_Try it_: Retype nothing except the lines below from the one with "Acte de naissance" through the one with "Estuvimos unas 2h.", exactly, with images left out.

_Material for the task_:
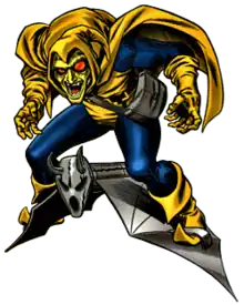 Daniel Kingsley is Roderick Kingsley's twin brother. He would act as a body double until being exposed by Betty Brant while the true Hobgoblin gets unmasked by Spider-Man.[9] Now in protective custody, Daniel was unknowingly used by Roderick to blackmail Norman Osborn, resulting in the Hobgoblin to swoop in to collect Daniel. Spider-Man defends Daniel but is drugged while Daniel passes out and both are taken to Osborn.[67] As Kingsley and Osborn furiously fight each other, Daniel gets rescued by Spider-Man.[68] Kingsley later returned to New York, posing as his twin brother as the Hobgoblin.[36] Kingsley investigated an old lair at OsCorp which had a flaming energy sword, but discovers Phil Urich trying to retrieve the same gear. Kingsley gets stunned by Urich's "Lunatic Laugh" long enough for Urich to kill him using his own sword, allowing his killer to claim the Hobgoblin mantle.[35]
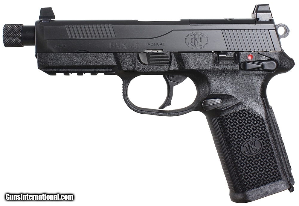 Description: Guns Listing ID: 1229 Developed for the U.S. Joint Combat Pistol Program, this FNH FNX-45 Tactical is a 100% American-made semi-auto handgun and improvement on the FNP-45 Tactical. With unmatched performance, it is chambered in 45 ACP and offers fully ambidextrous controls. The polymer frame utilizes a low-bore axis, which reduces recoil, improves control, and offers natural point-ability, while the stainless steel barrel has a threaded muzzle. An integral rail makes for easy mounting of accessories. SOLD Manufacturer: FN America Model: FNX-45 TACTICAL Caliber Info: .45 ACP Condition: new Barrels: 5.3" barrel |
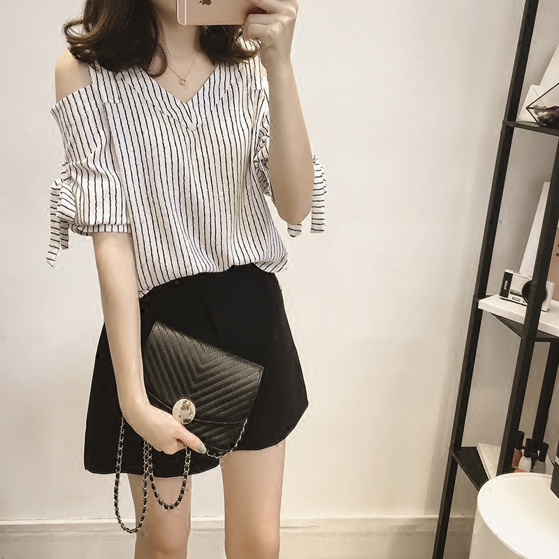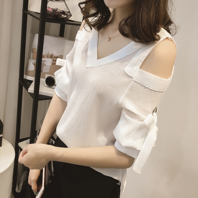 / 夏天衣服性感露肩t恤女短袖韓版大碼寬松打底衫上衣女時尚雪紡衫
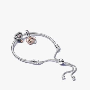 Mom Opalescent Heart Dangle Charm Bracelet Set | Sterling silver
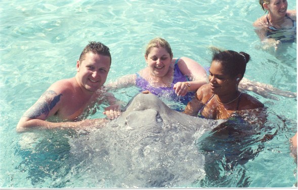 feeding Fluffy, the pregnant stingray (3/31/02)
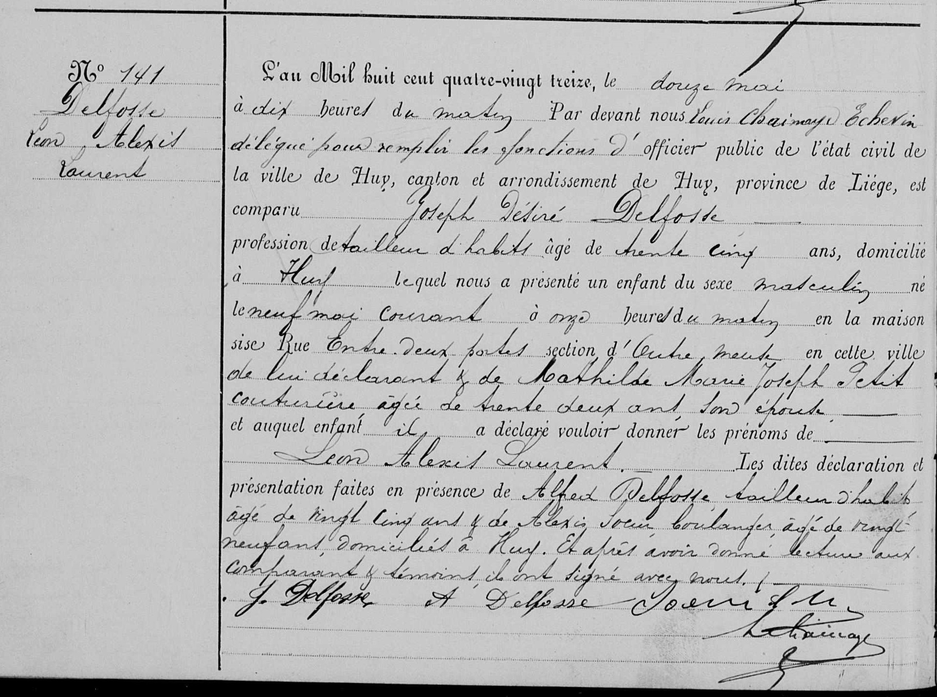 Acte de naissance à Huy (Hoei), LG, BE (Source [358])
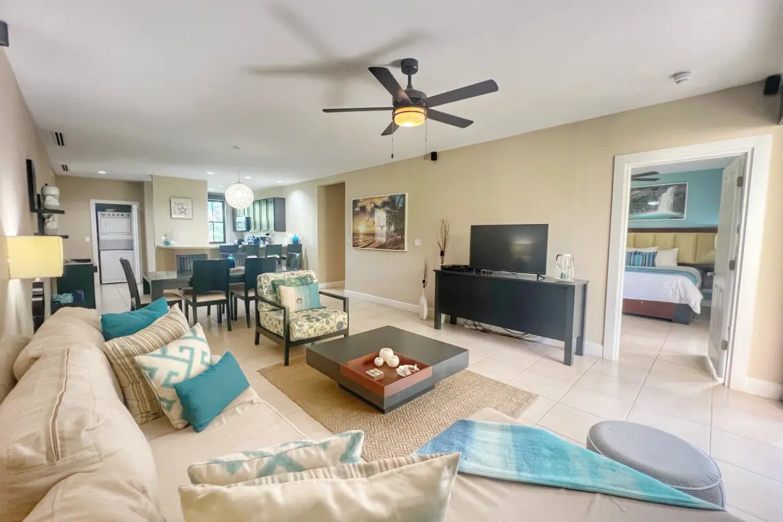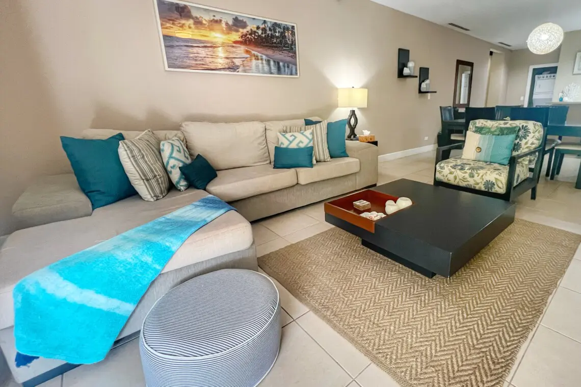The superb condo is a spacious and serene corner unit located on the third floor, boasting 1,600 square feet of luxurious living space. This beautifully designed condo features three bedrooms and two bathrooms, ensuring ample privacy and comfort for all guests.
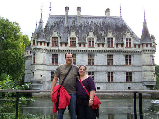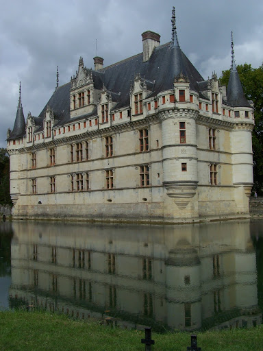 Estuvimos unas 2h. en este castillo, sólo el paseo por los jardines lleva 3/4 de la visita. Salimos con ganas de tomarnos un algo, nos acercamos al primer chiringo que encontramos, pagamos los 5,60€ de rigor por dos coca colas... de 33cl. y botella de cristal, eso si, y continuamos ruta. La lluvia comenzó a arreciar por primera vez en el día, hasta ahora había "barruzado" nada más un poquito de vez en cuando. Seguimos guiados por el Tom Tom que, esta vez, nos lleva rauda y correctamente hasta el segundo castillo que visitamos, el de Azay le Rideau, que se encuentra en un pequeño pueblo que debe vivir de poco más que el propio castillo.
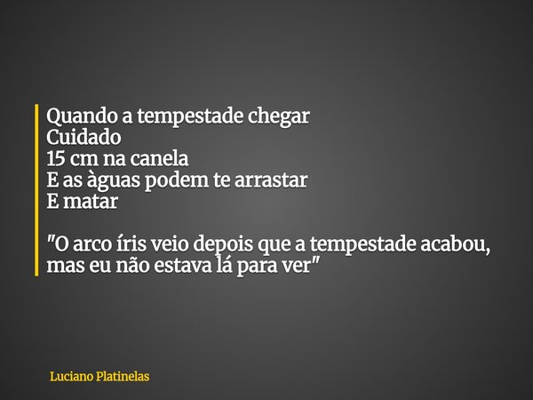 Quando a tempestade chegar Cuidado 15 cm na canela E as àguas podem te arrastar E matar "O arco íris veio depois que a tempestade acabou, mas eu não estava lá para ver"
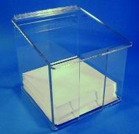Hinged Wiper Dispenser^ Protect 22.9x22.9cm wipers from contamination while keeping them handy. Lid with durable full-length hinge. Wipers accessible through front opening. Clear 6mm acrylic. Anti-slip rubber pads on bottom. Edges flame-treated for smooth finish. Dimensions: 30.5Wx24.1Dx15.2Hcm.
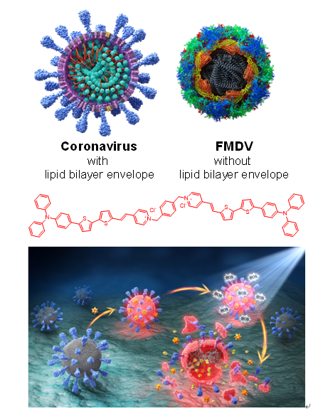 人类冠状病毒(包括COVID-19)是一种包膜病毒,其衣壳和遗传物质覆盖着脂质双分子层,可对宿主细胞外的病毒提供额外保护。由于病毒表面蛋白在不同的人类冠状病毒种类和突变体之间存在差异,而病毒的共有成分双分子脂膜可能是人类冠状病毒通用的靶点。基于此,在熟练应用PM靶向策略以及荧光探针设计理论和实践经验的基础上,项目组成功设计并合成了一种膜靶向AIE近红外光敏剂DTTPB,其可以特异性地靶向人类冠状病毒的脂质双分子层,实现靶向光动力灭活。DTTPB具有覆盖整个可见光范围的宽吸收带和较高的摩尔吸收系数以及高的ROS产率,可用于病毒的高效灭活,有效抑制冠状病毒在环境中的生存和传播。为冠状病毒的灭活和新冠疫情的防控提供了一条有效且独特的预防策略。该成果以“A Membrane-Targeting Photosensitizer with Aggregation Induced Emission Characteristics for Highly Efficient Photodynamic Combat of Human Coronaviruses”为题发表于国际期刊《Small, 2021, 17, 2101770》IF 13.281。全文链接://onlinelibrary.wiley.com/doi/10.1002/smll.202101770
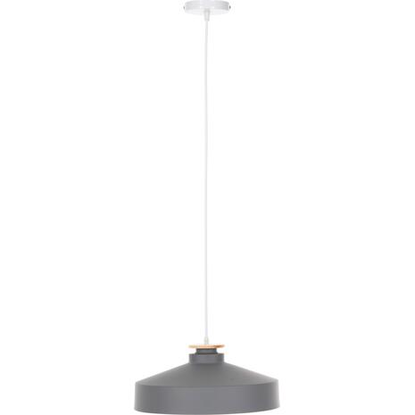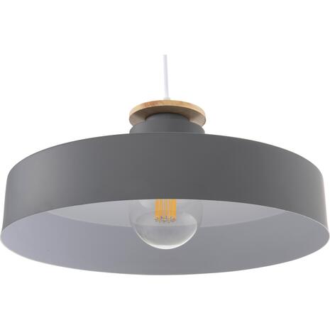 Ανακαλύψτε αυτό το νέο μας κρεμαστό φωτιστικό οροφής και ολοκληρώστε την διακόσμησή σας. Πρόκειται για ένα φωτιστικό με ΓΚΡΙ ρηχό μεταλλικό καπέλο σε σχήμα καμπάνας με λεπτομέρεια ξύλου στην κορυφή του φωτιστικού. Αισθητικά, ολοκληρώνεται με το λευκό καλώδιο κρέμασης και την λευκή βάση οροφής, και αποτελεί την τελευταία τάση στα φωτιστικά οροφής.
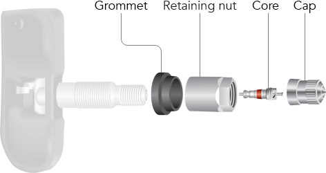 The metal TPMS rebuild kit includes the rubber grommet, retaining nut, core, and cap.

_Result_:
 Acte de naissance à Huy (Hoei), LG, BE (Source [358])
The superb condo is a spacious and serene corner unit located on the third floor, boasting 1,600 square feet of luxurious living space. This beautifully designed condo features three bedrooms and two bathrooms, ensuring ample privacy and comfort for all guests.
 Estuvimos unas 2h. en este castillo, sólo el paseo por los jardines lleva 3/4 de la visita. Salimos con ganas de tomarnos un algo, nos acercamos al primer chiringo que encontramos, pagamos los 5,60€ de rigor por dos coca colas... de 33cl. y botella de cristal, eso si, y continuamos ruta. La lluvia comenzó a arreciar por primera vez en el día, hasta ahora había "barruzado" nada más un poquito de vez en cuando. Seguimos guiados por el Tom Tom que, esta vez, nos lleva rauda y correctamente hasta el segundo castillo que visitamos, el de Azay le Rideau, que se encuentra en un pequeño pueblo que debe vivir de poco más que el propio castillo.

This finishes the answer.